Вскоре после публикации Жуков и Конев встретились на улице. Конев, чувствуя вину, извинился.
— Ну раз так, Иван Степанович, напиши опровержение! — предложил Жуков.
— Георгий Константинович, ты же понимаешь, что это невозможно. Не напечатают. Это ведь решение партии, в нашей стране это закон.
Вскоре Хрущёв уберёт и Конева. Для него он был человеком Жукова.
Когда победители делили лавры, Хрущёв, довольный исходом схватки и в порыве благодарности маршалу за спасение, высказал слова благодарности за наведение должного порядка и дисциплины в Министерстве обороны.
— Вот бы нам ещё и в МВД порядок навести, — сказал Никита Сергеевич, — да нет подходящего человека.
— Есть такой человек! — простодушно и по-солдатски мгновенно отреагировал Жуков.
— Кто? — спросил Хрущёв.
— Мой заместитель — Конев.
Ещё тогда Хрущёв призадумался: танки, обращение к армии и народу, а тут ещё и, похоже, заранее подготовленная кандидатура на пост второго силового ведомства, значит, и об этом он думает…
Трудно теперь сказать, кого из маршалов больше угнетала та статья в «Правде», которую можно было расценивать как предательство.
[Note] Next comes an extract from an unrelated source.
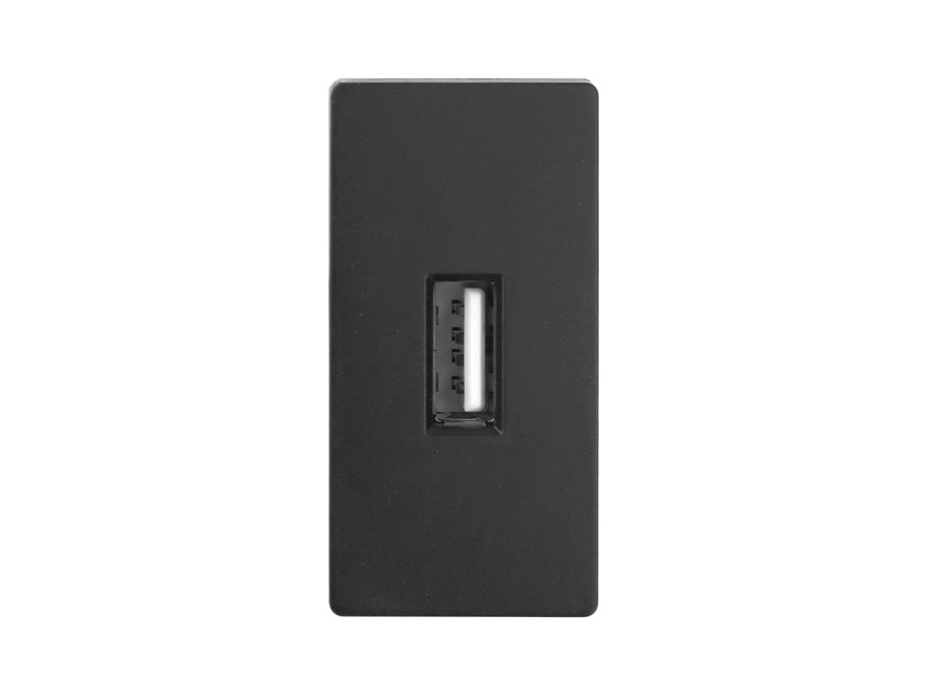 Půlmodul koncové zásuvky USB (se zapojením přívodního kabelu přes šroubové svorky), odpovídající polovině otvoru rámečku, dostupný ve čtyřech barevných variantách. Pro instalaci je nutný specifický rámeček pro půlmoduly.

Конев до конца жизни мучился от своего малодушия. Жуков негодовал. Предательство! И кто предал?
Но всё же они помирились.
В декабре 1968 года Конев праздновал своё семидесятилетие. Был приглашён и Жуков. Свои дни рождения Иван Степанович отмечал каждый год и всегда приглашал своих боевых товарищей. Но Жуков приглашения с некоторых пор не принимал. А тут — приехал! Маршалы обнялись. Слёзы стояли в их глазах.
Константин Симонов вспоминал: «Среди приглашённых и пришедших на эту встречу был Жуков. И его приглашение в этот день, в этот дом, и его приход туда имели особое значение. Судьба сложилась так, что Жукова и хозяина дома на долгие годы отдалили друг от друга обстоятельства, носившие драматический характер для них обоих, для каждого по-своему. А если заглянуть ещё дальше, в войну, то и там жизнь, случалось, сталкивала их в достаточно драматической обстановке. Однако при всём том в народной памяти о войне их два имени чаще, чем чьи-нибудь другие, стояли рядом, и в этом всё-таки и состояло самое главное, а всё остальное было второстепенным.
И когда на вечере, о котором я вспоминаю, после обращённой к хозяину дома короткой и полной глубокого уважения речи Жукова оба эти человека обнялись, должно быть, впервые за многие годы, то на наших глазах главное снова стало главным, а второстепенное — второстепенным с такой очевидностью, которой нельзя было не порадоваться.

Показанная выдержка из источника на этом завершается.